Actually, stuff’s getting passed on at auction, not selling. Now is the time where we start to put low-ball offers in. —, one of the guys at the office here who I buy a lot of property with, he’s a business partner of mine, –.
He put an offer in on a property in Weymouth. They wanted $700,000 for it this week. He offered them $580,000. He got it in the contract, — due diligence. There’s an example where they have expectation of something in the sevens, and he got this $900,000,000 property that’s sub divisible, for $580,000.
He ended up killing the deal, cause it had a couple of planning issues. That’s all the market stuff. The deeper the market goes, the more fear we get, the better the discounts.
We need to be using strategies that are going to create instant equity during the downturn, because we don’t get the capital growth, we don’t get the cash flow, so you’ve gotta make it another way. Instant equity de-risks your investment.
If, while you’re investing in the downturn, the market falls 20%, but when you bought the property, you made 20% instant equity. For example, you bought it cheap, you renovated it, you revalued it, and it went up 20%.
If the market then falls 20% cause disaster strikes, what you’ve done is you have de-risked the investment, cause you can have up to a 20% fall in asset value and lose profit, or lose margin. You’re losing the money you made when you bought, you’re not losing your deposit. So, it de-risks your investment.
You want to be looking at instant equity strategies. So, what instant equity strategies are working in Auckland for the moment? Well, for me, I’m buying large sites. Auckland has rezoned and is encouraging the market to go much higher density.
What was previously not a sub divisible site, with the new mixed housing zones, and the — housing and apartment building zones that have been introduced into Auckland, those three zones, mixed housing urban, mixed housing suburban, and — housing and apartment building zones.
Those zones are now highly –. In fact, they have no density control, which is an interesting concept for Auckland. No density control for developed design.

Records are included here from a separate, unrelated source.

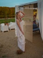 Sukienka muślinowa maxi „Bali” z ręcznie plecionymi warkoczami i rozporkiem błękitna
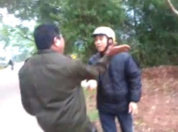 | Hình ảnh viên công an xã tát vào mặt người dân cắt ra từ clip. |
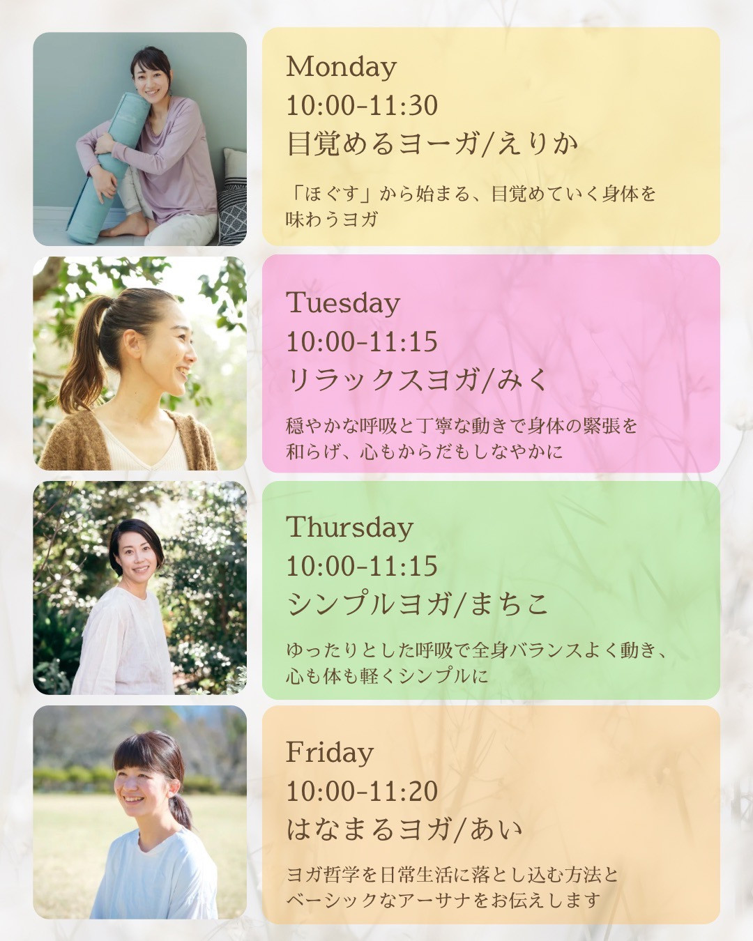 YOGA スケジュール・ご予約

What developed design means is, if you can show that all those sites, that — piece of land, you can put five houses and not breach development controls, like hight to boundary, impervious services, site coverage, turning circles for traffic, set backs from the front and side yards.
All of this stuff, tick, tick, ticks, and you haven’t breached it, then there’s no density law in Auckland now. You look at the mixed housing urban and suburban zones, they say one per three hundred, urban, one per four hundred suburban. That’s only if you want to build in sections.
If you can show, on that land, that you’ve got a developed design that is not breaching the envista development controls, the density control does not apply. A lot of real estate agents, and envista’s not aware of this, cause they see the density rule, one per 300, one per 400.
They think, Oh, this site’s a two knot site, or whatever it is. Actually, you can possibly stack four or five houses in there. That’s what I’m doing. I’m buying a lot of sites. Let’s see if I’ve got a picture of one here. I’ll hold it up to the screen. I build average things in average place. I do that somewhat …
I don’t necessarily need to build glamorous, beautiful things. I like … What I like are good numbers. Good looking numbers are what I’m after. I don’t really care what the house looks like, as long as the cash flow’s good, or I’m making lots of money.
I’ve got 80 slides here I’m sifting through. Here’s a development I’m doing at the moment. It’s on Ash Street in Avondale. These are weatherboard houses. It’s a full lot subdivision. I’m just scraping that house site back at the moment. I’ll build four of these.
Max: It looks not too bad.
Matthew: Yeah. That’s probably a better looking house, in terms of what I’ve built. Those are four houses. They’re $1.2 million each. They’ll cost me about $3.8. That’s about a million bucks. Maybe 3.7, so I’ll get a million to a million, two.
Here’s another one here, 23 Weathers Road in Auckland. If you can look up that, that’s a five lot subdivision, –. I’ll go in a bit closer on that. That is a 150 meter, brick and tile site. 250 net site area townhouse. Right next to it is a double garage, virtually the same, 180 meters.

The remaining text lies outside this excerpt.